▶ **Try it**:
Reproduce the data below word for word, setting aside any picture it holds.

▶ **Data block**:
<<<<

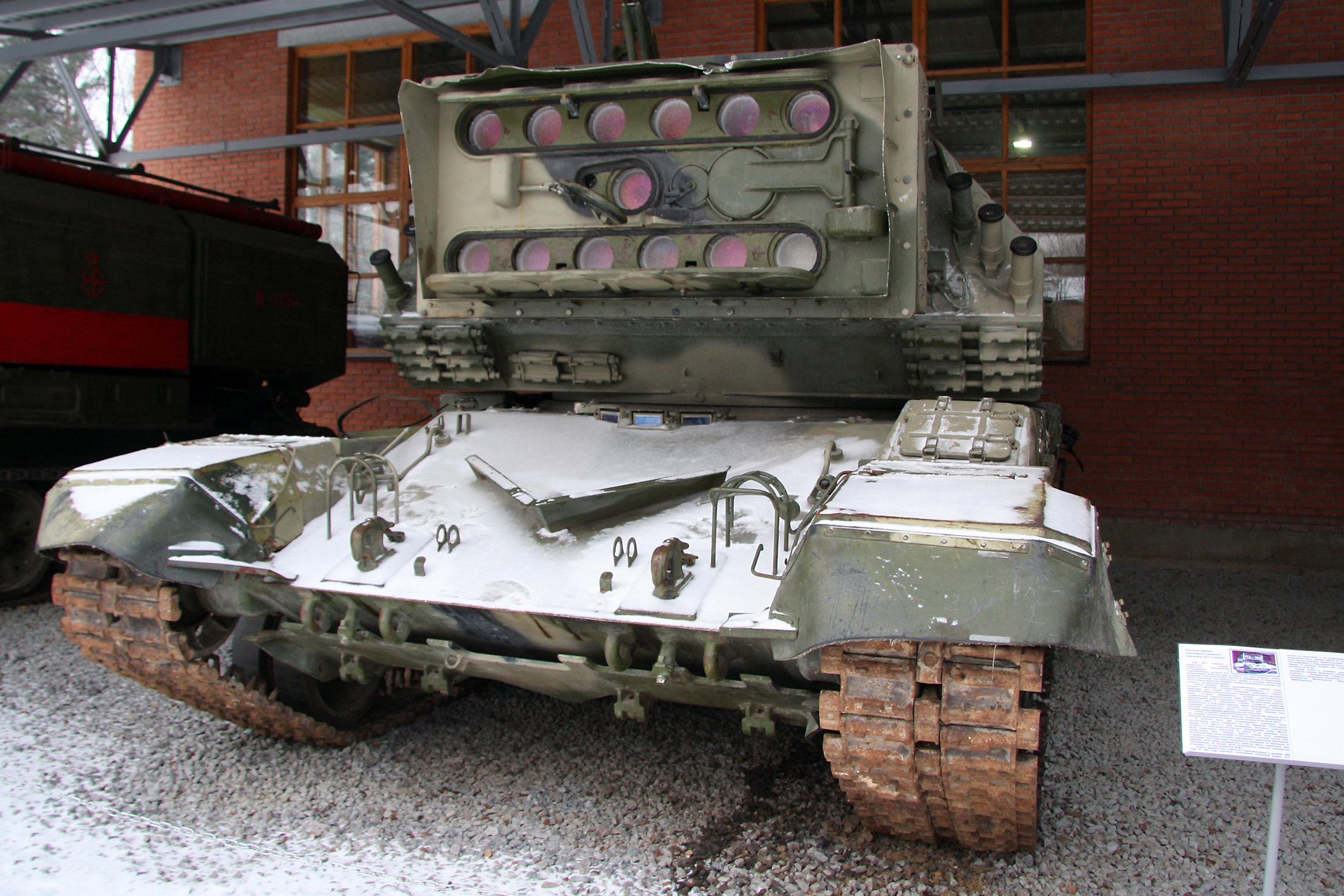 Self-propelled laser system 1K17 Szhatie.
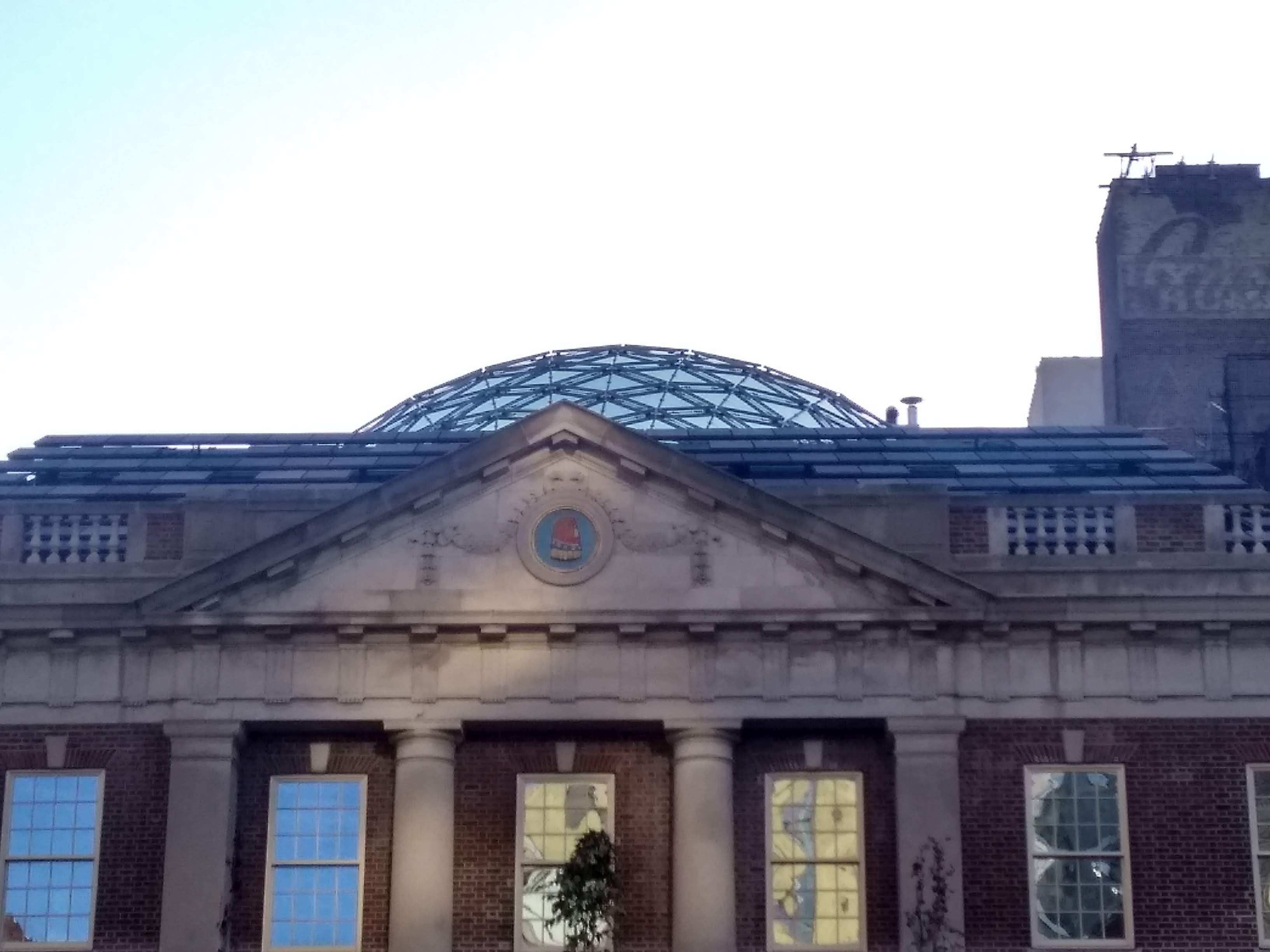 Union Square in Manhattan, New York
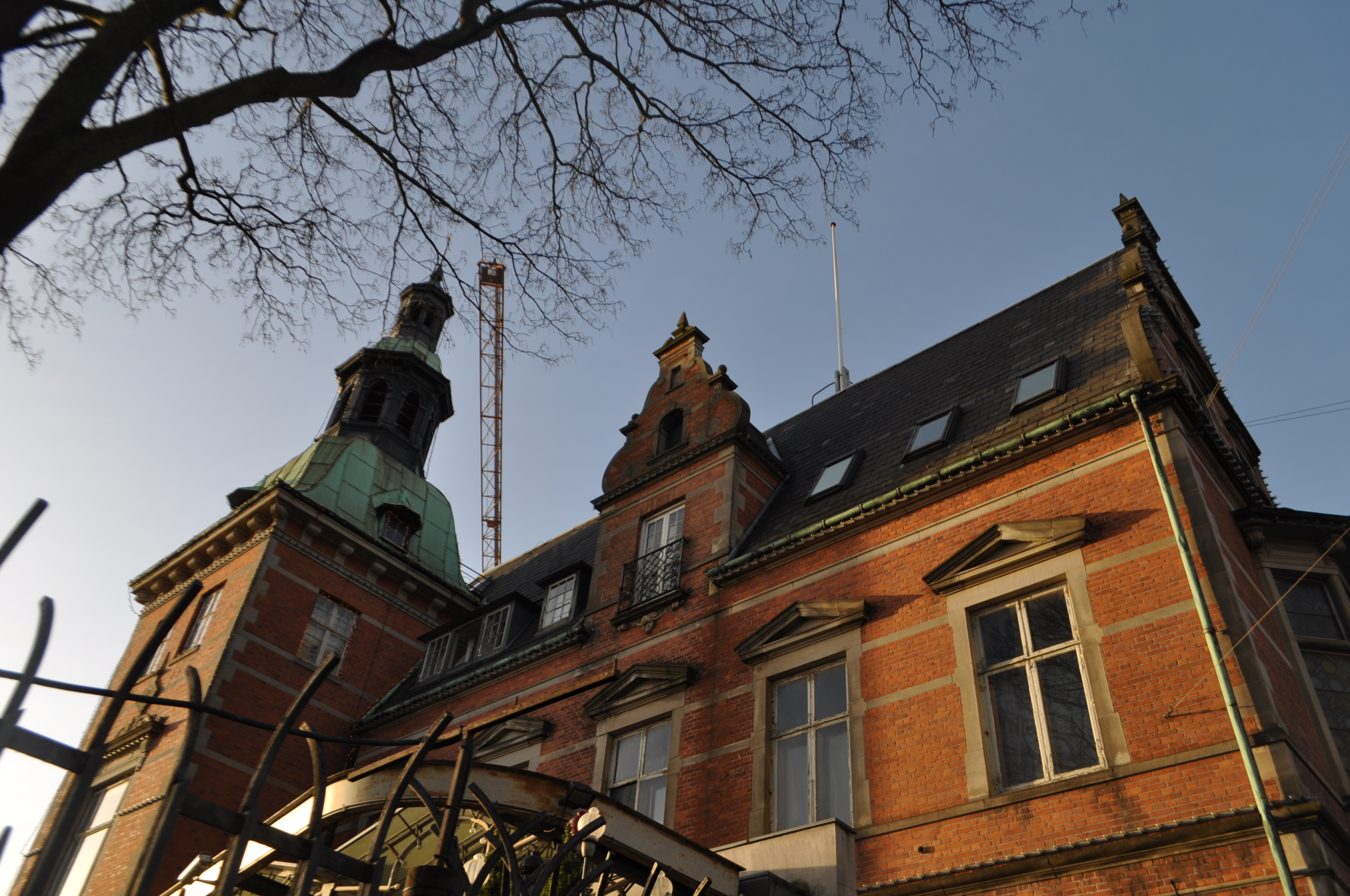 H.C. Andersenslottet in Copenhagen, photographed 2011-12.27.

>>>>

▶ **Result**:
 Self-propelled laser system 1K17 Szhatie.
 Union Square in Manhattan, New York
 H.C. Andersenslottet in Copenhagen, photographed 2011-12.27.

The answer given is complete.